Godiva Tiramisu

This recipe for Tiramisu requires 3 different methods for the ingredients, but you will end up with the lightest Tiramisu ever! - and the Godiva Liqueur doesn't hurt either.

Photo by Patricia S.

PREP TIME

--

minutes

TOTAL TIME

--

minutes

SERVINGS

6

servings

PREP TIME

--

minutes

TOTAL TIME

--

minutes

SERVINGS

6

servings

Ingredients

  • 3

    egg yolks

  • 1/2

    cup sugar

  • 1/2

    pound Mascarpone cheese, softened

  • 1

    cup heavy cream

  • 1

    Tbsp. Rum

  • 1/2

    tsp. vanilla extract

  • 2

    Tbsp. plus 1-1/2 cups brewed Espresso

  • 3

    Tbsp. Godiva Liqueur

  • 3

    egg whites

  • 20 to 25

    Lady Finger Cookies

  • Cocoa Powder or shaved Godiva Chocolate

Directions

Preparation: In a mixing bowl set over a pan of simmering water, beat the egg yolks and sugar until the mixture is pale yellow and thick ribbons foll from the whisk (4 to 5 minutes). Add the mascarpone cheese and beat until smooth and creamy. In a chilled large mixing bowl, beat the cream to stiff peaks.

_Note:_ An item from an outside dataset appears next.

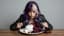 Cinematic surreal studio scene. A young woman with purple and white split-dyed hair sits at a table, staring directly into the camera with an intense, unblinking expression. In front of her, on a white plate, lies a mannequin head with vivid dark magenta hair like a strange served dish. Holding a fork in one hand and a knife in the other, she slowly cuts the mannequin’s hair in deliberate slicing motions while never breaking eye contact with the camera. The movement is controlled, eerie, and calm. The camera remains completely static. Clean neutral background, sharp studio lighting, glossy hair texture, subtle reflections on the plate and cutlery, surreal fashion-horror aesthetic, ultra detailed, cinematic composition, dark editorial mood.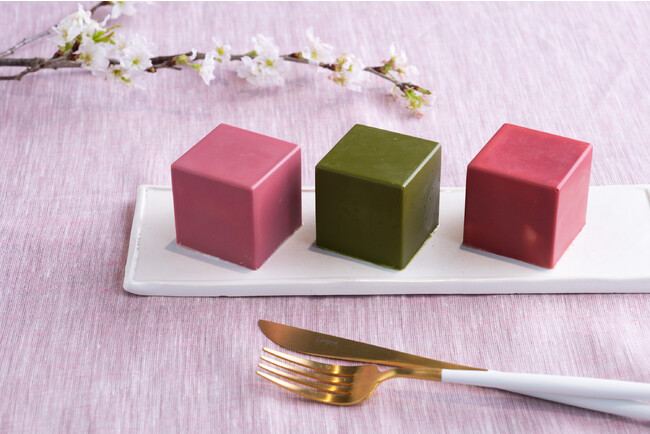 見た目もかわいい5センチ×5センチのキューブ型ケーキは、定番のルビーカカオと抹茶、期間限定のストロベリーライチを合わせた計3種類のフレーバーで展開。レアチーズとベリーソースを包んだルビーカカオ、抹茶と黒糖のムースを包んだ和スイーツ風の抹茶、期間限定のいちごチョコレートでピスタチオとライチのムースを包んだストロベリーライチが注目フレーバーです。店内、テイクアウトともにお楽しみいただけます。

Add the rum, vanilla and 2 Tbsp. of espresso and beat until smooth. In a clean mixing bowl, beat the egg whites to stiff peaks. With a spatula, gently fold the mascarpone mixture into the cream until blended and smooth. Add about 1 cup of the beaten egg whites and gold gently until blended. Add the remaining egg whites and fold gently until the mixture is smooth and blended. Combine 1-1/2 cups espresso with 3 Tbsp. Godiva Liqueur. One at a time, submerge each lady finger into the mixture and lay it on the bottom of a 3-quart glass or ceramic baking dish (about 2 inches deep). Continue to form a complete layer. Spread half of the mascarpone mixture over the soaked ladyfingers until evenly covered. Arrange another layer of soaked layfingers over the cream. Spread the remaining cream evenly over the top. Dust the Tiramisu with cocoa or shaved Godiva Chocolate. Refigerate at least 4 hours or up to 1 day before serving.